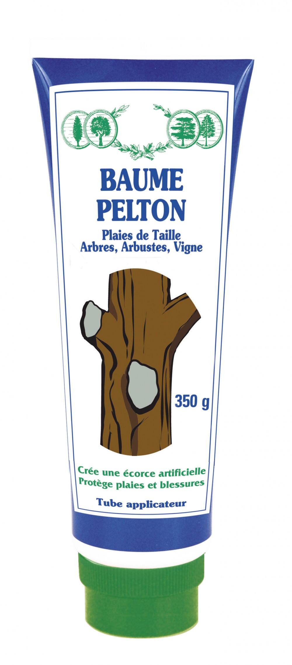 Baume Pelton 350g. véritable soin prêt à l'emploi grâce à son tube avec embout applicateur, le baume pelton protège les plaies de vos arbres. AMM : produit barrière,Cible (animaux, parasites, maladies...): PlaiesDestination: ArbresEpoque d'emploi: Toute l'annéeMode d'action: Préventif (substance qui
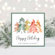 Elegante quadratische Weihnachtskarte mit wunderschöner Aquarellfarbe abstrakt von Kiefern in gedämpften Schattierungen von Salbei, Rot, Gold und verbrannter Orange und "Happy Holidays" in einem stilvollen Drehbuch. Auf der Rückseite fügen Sie Ihr Foto, einen personalisierten saisonalen Gruß und Ihre Namen in einem signaturähnlichen weißen Skript auf einem sage-grünen Hintergrund.
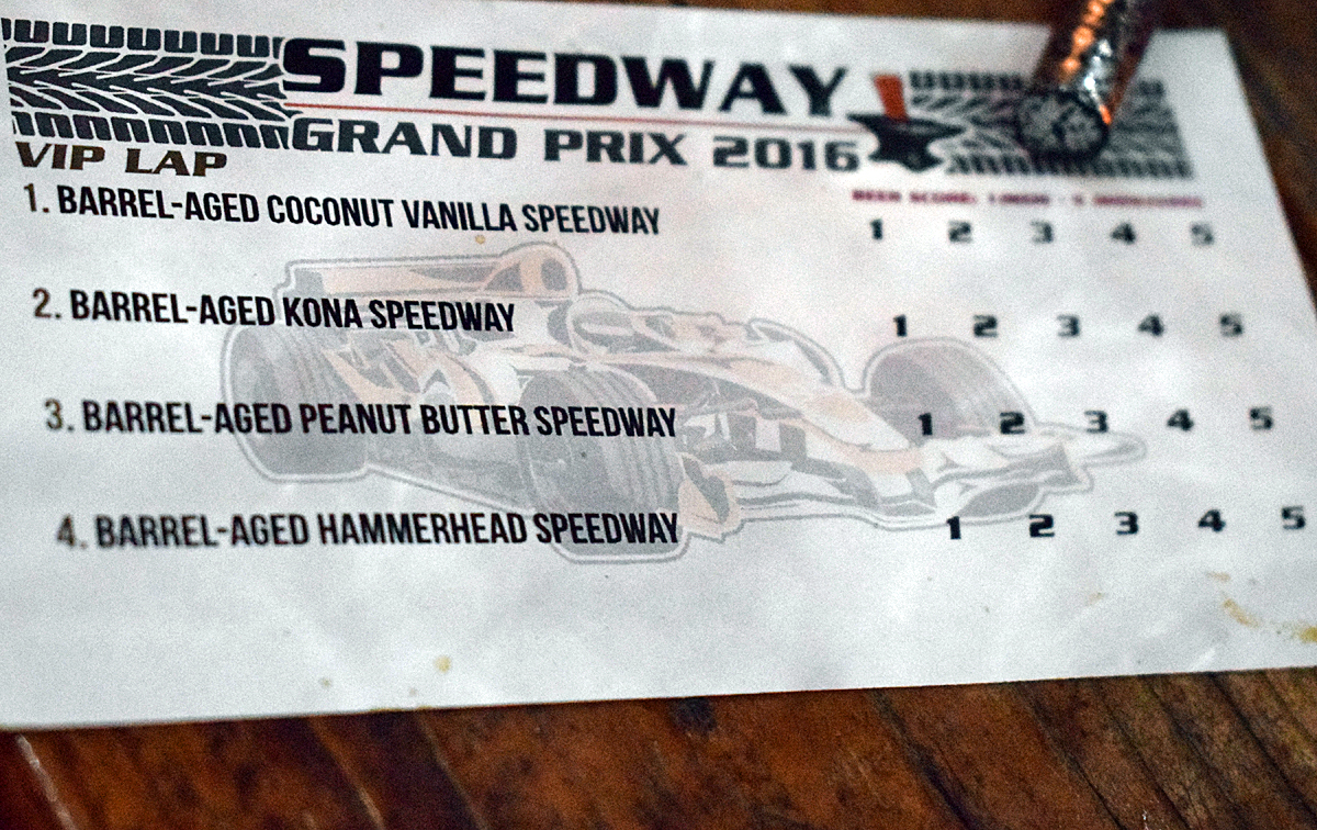 Ölen serveras fyra i taget och du måste ha köpt biljetter i förväg för att få prova. Dessutom finns en hel del varianter utöver det på de vanliga kranarna. Till slut blev det drygt 20 smakprov på olika varianter av Speedway Stout.

# Work to complete
Once the pictures are set aside, please output all the data word for word.

# Reply
 Baume Pelton 350g. véritable soin prêt à l'emploi grâce à son tube avec embout applicateur, le baume pelton protège les plaies de vos arbres. AMM : produit barrière,Cible (animaux, parasites, maladies...): PlaiesDestination: ArbresEpoque d'emploi: Toute l'annéeMode d'action: Préventif (substance qui
 Elegante quadratische Weihnachtskarte mit wunderschöner Aquarellfarbe abstrakt von Kiefern in gedämpften Schattierungen von Salbei, Rot, Gold und verbrannter Orange und "Happy Holidays" in einem stilvollen Drehbuch. Auf der Rückseite fügen Sie Ihr Foto, einen personalisierten saisonalen Gruß und Ihre Namen in einem signaturähnlichen weißen Skript auf einem sage-grünen Hintergrund.
 Ölen serveras fyra i taget och du måste ha köpt biljetter i förväg för att få prova. Dessutom finns en hel del varianter utöver det på de vanliga kranarna. Till slut blev det drygt 20 smakprov på olika varianter av Speedway Stout.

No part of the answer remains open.